> Records for processing
------------------------------------------------------------

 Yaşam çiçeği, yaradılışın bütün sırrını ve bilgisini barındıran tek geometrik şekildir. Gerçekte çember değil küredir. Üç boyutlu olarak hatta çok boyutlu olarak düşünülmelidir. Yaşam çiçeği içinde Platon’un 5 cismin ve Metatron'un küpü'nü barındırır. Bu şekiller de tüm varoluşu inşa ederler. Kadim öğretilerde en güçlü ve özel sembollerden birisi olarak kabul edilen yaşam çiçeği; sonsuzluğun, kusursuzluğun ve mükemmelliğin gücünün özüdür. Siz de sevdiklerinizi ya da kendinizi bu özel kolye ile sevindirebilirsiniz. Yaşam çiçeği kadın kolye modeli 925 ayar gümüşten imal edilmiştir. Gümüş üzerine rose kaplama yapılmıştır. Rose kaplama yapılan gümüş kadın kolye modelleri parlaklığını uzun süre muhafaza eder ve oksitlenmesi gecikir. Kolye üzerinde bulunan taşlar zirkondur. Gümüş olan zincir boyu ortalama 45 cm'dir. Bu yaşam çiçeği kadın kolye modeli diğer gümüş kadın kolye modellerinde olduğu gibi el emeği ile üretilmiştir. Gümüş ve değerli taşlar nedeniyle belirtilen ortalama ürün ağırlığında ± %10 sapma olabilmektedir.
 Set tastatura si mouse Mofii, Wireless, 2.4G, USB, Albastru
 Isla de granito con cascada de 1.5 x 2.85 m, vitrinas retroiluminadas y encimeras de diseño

------------------------------------------------------------

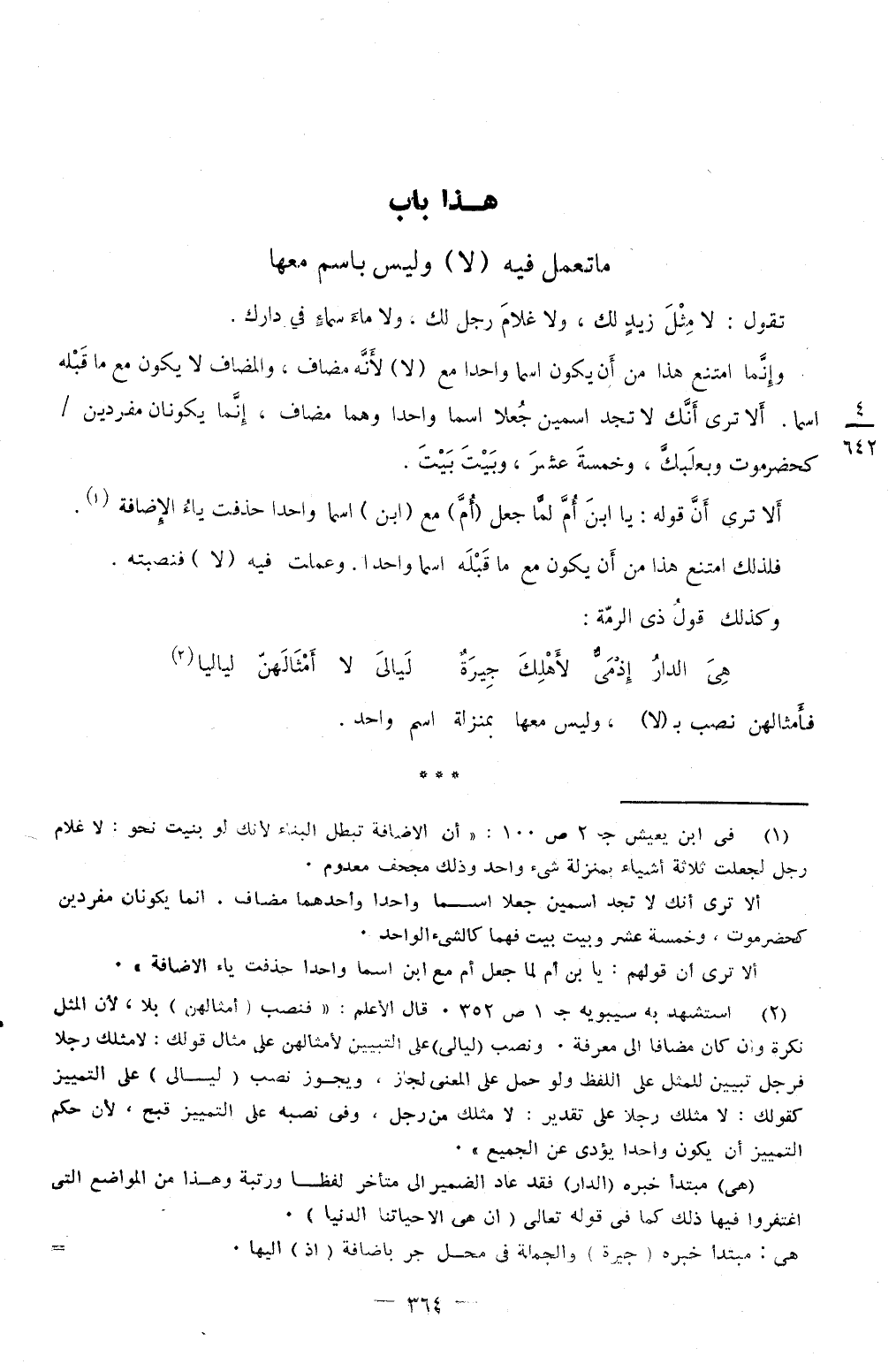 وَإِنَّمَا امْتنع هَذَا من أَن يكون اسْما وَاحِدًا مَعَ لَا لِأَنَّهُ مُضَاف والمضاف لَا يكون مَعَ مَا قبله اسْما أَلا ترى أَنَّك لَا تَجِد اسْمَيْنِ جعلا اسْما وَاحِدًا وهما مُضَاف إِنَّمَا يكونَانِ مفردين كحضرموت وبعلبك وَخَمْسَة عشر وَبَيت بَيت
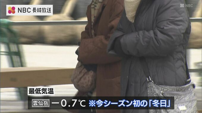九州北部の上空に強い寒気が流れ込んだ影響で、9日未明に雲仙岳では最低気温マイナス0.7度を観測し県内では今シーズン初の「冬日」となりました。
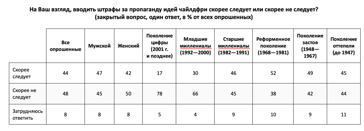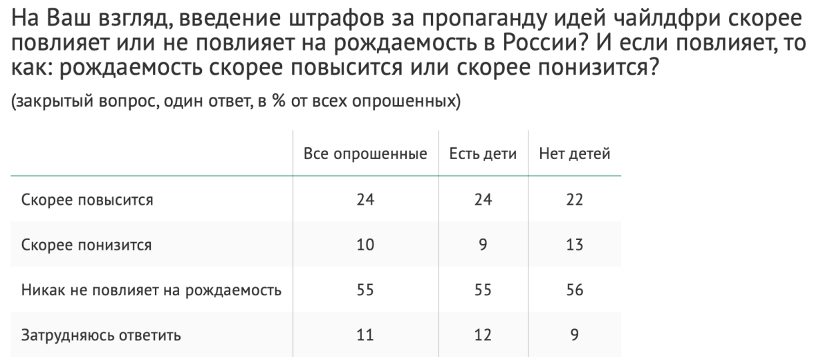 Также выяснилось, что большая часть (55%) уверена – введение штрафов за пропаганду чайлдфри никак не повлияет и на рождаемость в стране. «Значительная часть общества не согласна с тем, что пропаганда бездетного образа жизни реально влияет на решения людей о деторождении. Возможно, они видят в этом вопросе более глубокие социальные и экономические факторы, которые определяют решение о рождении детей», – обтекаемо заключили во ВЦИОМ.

------------------------------------------------------------

> Exercise details
The output is the stretch above from the line with "九州北部の上空に強い寒気が流" through the line with "Также выяснилось, что", copied word for word with both ends kept and every picture dropped.

> Output of the exercise
九州北部の上空に強い寒気が流れ込んだ影響で、9日未明に雲仙岳では最低気温マイナス0.7度を観測し県内では今シーズン初の「冬日」となりました。
 Также выяснилось, что большая часть (55%) уверена – введение штрафов за пропаганду чайлдфри никак не повлияет и на рождаемость в стране. «Значительная часть общества не согласна с тем, что пропаганда бездетного образа жизни реально влияет на решения людей о деторождении. Возможно, они видят в этом вопросе более глубокие социальные и экономические факторы, которые определяют решение о рождении детей», – обтекаемо заключили во ВЦИОМ.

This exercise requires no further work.